El filósofo de la política, Thomas Hobbes, es uno de los padres de la teoría del “Estado Moderno”. Esta noción distingue al Estado como una organización con medios y fines de las organizaciones políticas del “Antiguo Régimen” en Europa. Un régimen en el que, en un sentido muy importante, no había “ciudadanos” sino “súbditos” y el soberano era el rey (y no el pueblo).
Sobre cuáles deben ser los fines del Estado ha habido una viva discusión por unos dos siglos y medio y creo que no va a concluir el próximo domingo por la mañana. Sin embargo, pocos estudiosos de estos temas negarían que entre los fines del Estado moderno están el de garantizar a los habitantes del Estado el libre y pacífico ejercicio de sus derechos. Esto conlleva, por lo menos, unas normas fundamentales que reconozcan esos derechos y organicen ciertos poderes públicos para que tengan eficacia y vigencia, esto es, el poder de dictar las leyes, el poder de hacerlas valer y el poder de decidir a quién, en caso de una disputa, ampara la ley. Esa norma fundamental es “la Constitución”.

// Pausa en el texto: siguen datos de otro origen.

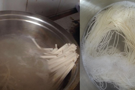 第七步,煮开一锅白开水,然后把挂面放到水里面去煮熟,然后再把挂面给捞出来,沥干水分。
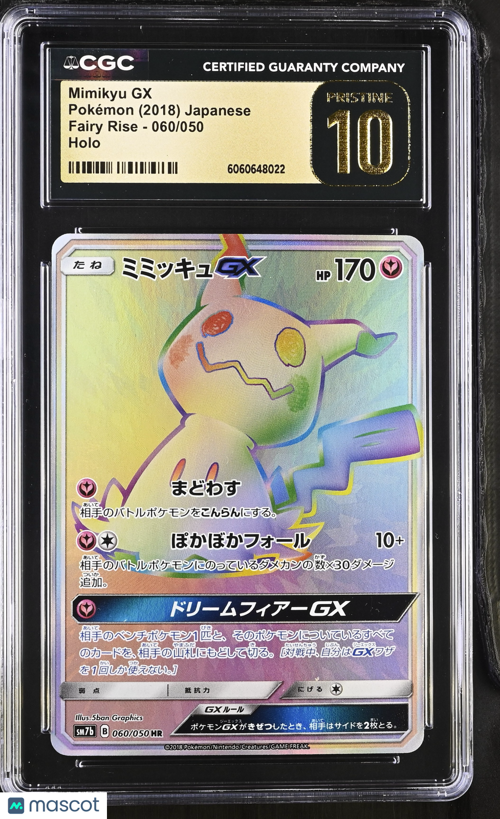 You are purchasing a Pokemon Mimikyu GX #060/050 Japanese CGC 10. You will receive the exact item in the photographs. Be sure to check our store for hundreds of other graded cards just like this one. Follow our store to receive exclusive discounts on graded cards and other Pokemon products. Join us during our LIVE stream events where we showcase graded cards, raw singles, and booster packs. Thank you for looking. Listed With Mascot.

A cambio de que los ciudadanos gocen de la protección y garantía de sus derechos, el “contrato” estipula que ellos deben ceder una parte de su libertad y renunciar a protegerse por sí mismos y al uso de la fuerza, pues el Estado es titular exclusivo de la facultad de usar de la coacción y la violencia.

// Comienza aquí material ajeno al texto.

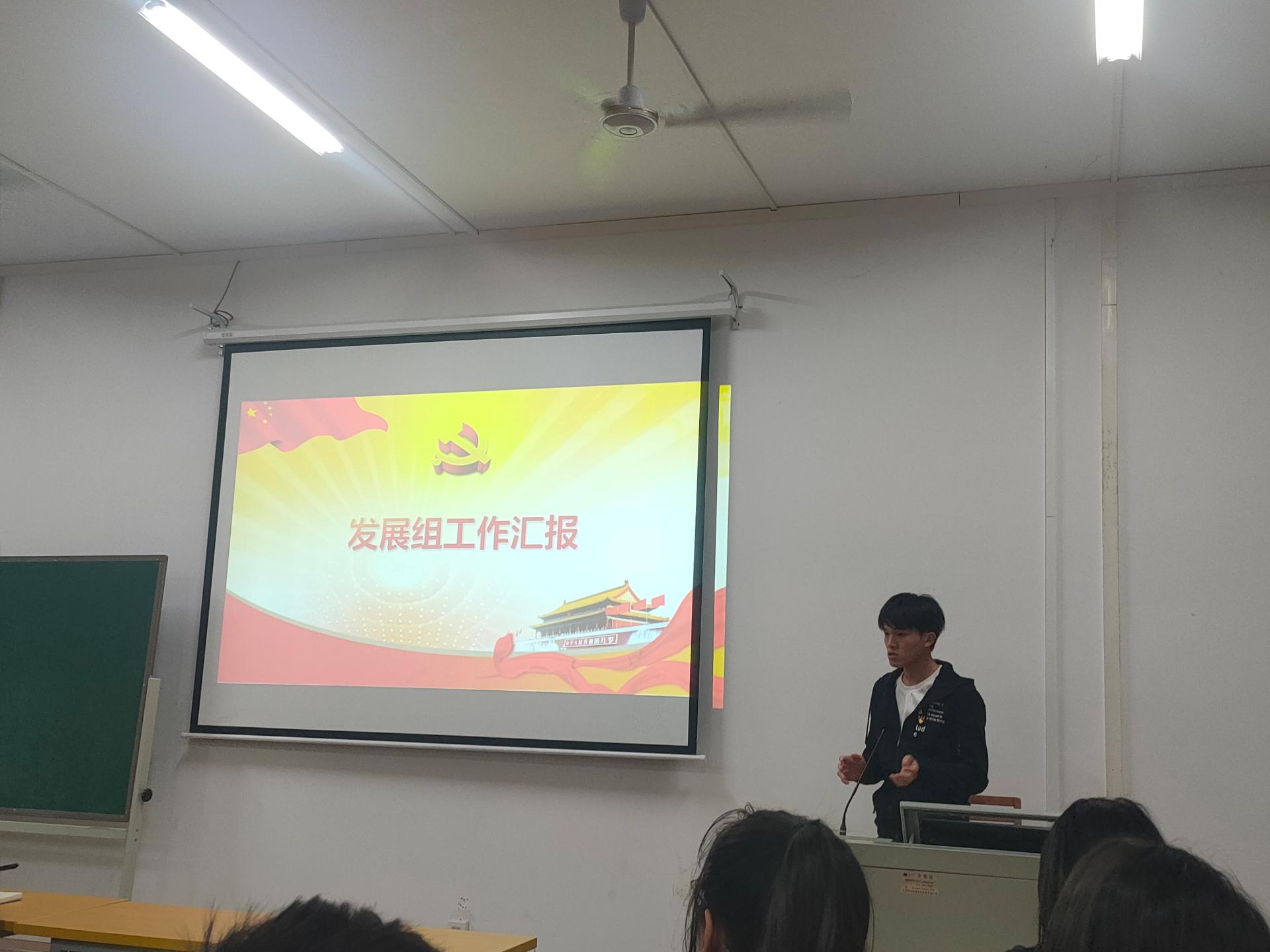 会上,曹夏丽同志详细说明了秘书组的工作职责范围,基于今年学校党建考核的复杂性,对年底台账整理必须要完整细致;李光磊同志运用图例,清晰展示发展组工作需要严格遵循的时间线;彭金同志着重强调了档案组目前最重要的工作是毕业生党组织关系转出和专升本新生党组织关系转入,以及作为第十期南宁学院业余党校的承办学院,档案组将全权负责本期业余党校的后勤工作,着力使其顺利开展;陆金旺同志介绍了转正组目前的负责的工作内容,尤其强调以后特别会注重党员联系岗的发展,避免出现下班党员感到没有党建参与感的现象;谭皓滢同志详细说明了宣传组负责的工作任务和工作人员分配,已完成的工作和未完成的工作依照顺序依次排列一目了然。其次,学生党支部各小组同志都以问题为导向,学思结合,深入寻找、解决实际问题。

Ahora bien, Hobbes no se hacía ilusiones y, en el estado de naturaleza, imaginaba la vida del ser humano “solitaria, pobre, desagradable, brutal y corta”. Tampoco se hacía ilusiones sobre el Leviatán, el Estado y, por eso, lo entendía como un mal necesario. Necesario, para evitar esa vida solitaria, pobre, etcétera.

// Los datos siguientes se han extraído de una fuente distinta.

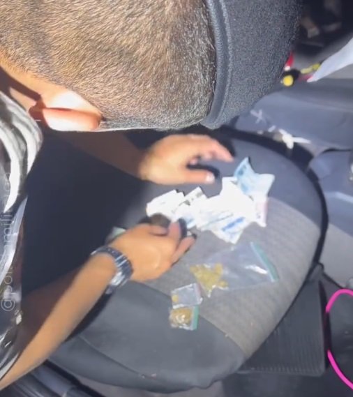 Durante o acompanhamento, os policiais presenciaram o momento em que a passageira do veículo arremessou pela janela diversas porções de crack. O material foi posteriormente localizado e apreendido pelas equipes policiais.
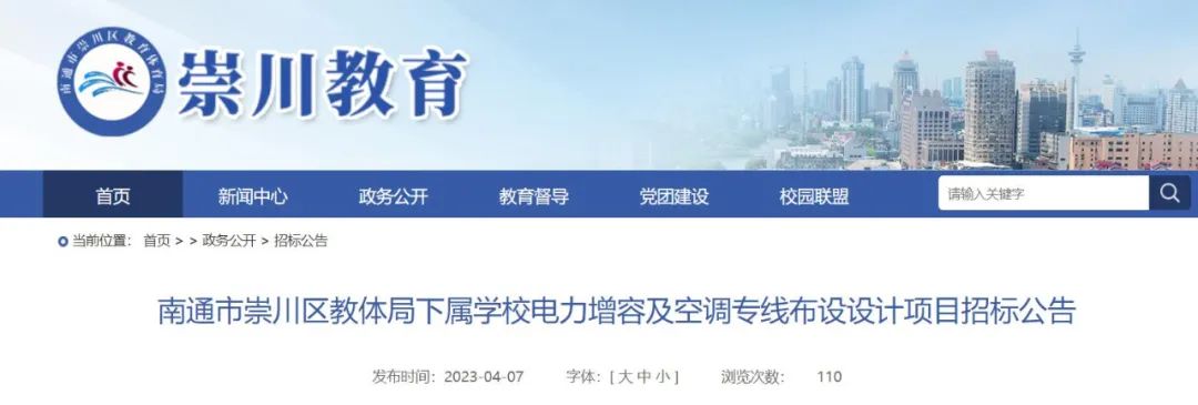 招标公告显示,崇川区教体局下属学校电力增容及空调专线布设设计项目已批准建设,招标人为南通市崇川区教育体育局,项目已具备招标条件,现公开招标。

Pasando a la Guatemala de nuestros días, tenemos dos realidades que parecen poner en tela de juicio la teoría del Estado moderno de Hobbes. Por un lado, alrededor del 70% de la población económicamente activa (PEA) vive en la economía informal y, por el otro, el Estado no garantiza las libertades y derechos de los ciudadanos. Por supuesto, hacer una afirmación tan absoluta, es problemático.
Empero, esa enorme porción de la población que vive en la economía informal casi no recibe del Estado protección alguna de sus bienes, de sus vidas o de sus derechos. En cuanto a la seguridad, la delincuencia es uno de los principales factores de la emigración masiva y las fuerzas de la PNC son incapaces de detenerla. La administración de justicia es una de las peores del mundo (según aparece en el índice del Estado de Derecho del WJP) y, a ese segmento de la población, prácticamente, no llega. Los servicios públicos, como la salud y la educación, son de bajísima calidad y su oferta es limitada y las infraestructuras públicas, actualmente, una ruina.
La cuestión se impone, entonces, si el Estado en Guatemala es un “mal necesario” o “sólo un mal”. En términos hobbesianos, una gran parte de la población ha renunciado a parte de sus libertades, al uso de la fuerza y a la defensa de sus derechos por sus propios medios, pero el Estado no ha hecho su parte.
Peor aún, muchas de las personas de carne y hueso que materializan las funciones del Estado lejos de hacer algo por garantizar las libertades y derechos de los ciudadanos, más bien los expolian. Los fuerzan a pagar impuestos, les exigen gestionar permisos y licencias para realizar actividades pacíficas y voluntarias y, todo eso ¿a cambio de qué?
Yo creo que el equipo de gobierno —o la mayor parte de sus dirigentes—quisieran cumplir con el contrato social. Pero el Estado no se agota ahí. Hace falta que todos los poderes del Estado converjan en lo básico. Pero ¿es posible esa convergencia en un país con un espectro político fraccionado y un proceso electoral en manos de “partidos-empresa”?
Yo, no lo creo. Y tampoco lo cree ese 70% de la PEA y los tres millones o más de guatemaltecos que han emigrado durante las últimas dos décadas a Estados Unidos.
¿Cuál es la salida? Perdonen que insista hasta cansar. En dlas sociedades humanas, con raras excepciones, las grandes reformas las impulsan las élites. Cuando las élites se acomodan y dejan que “los parásitos” vayan succionando los nutrientes de la sociedad y del Estado, primero se transita por una dolorosa decadencia hasta que, a menos que las élites despierten, se llega a la falencia.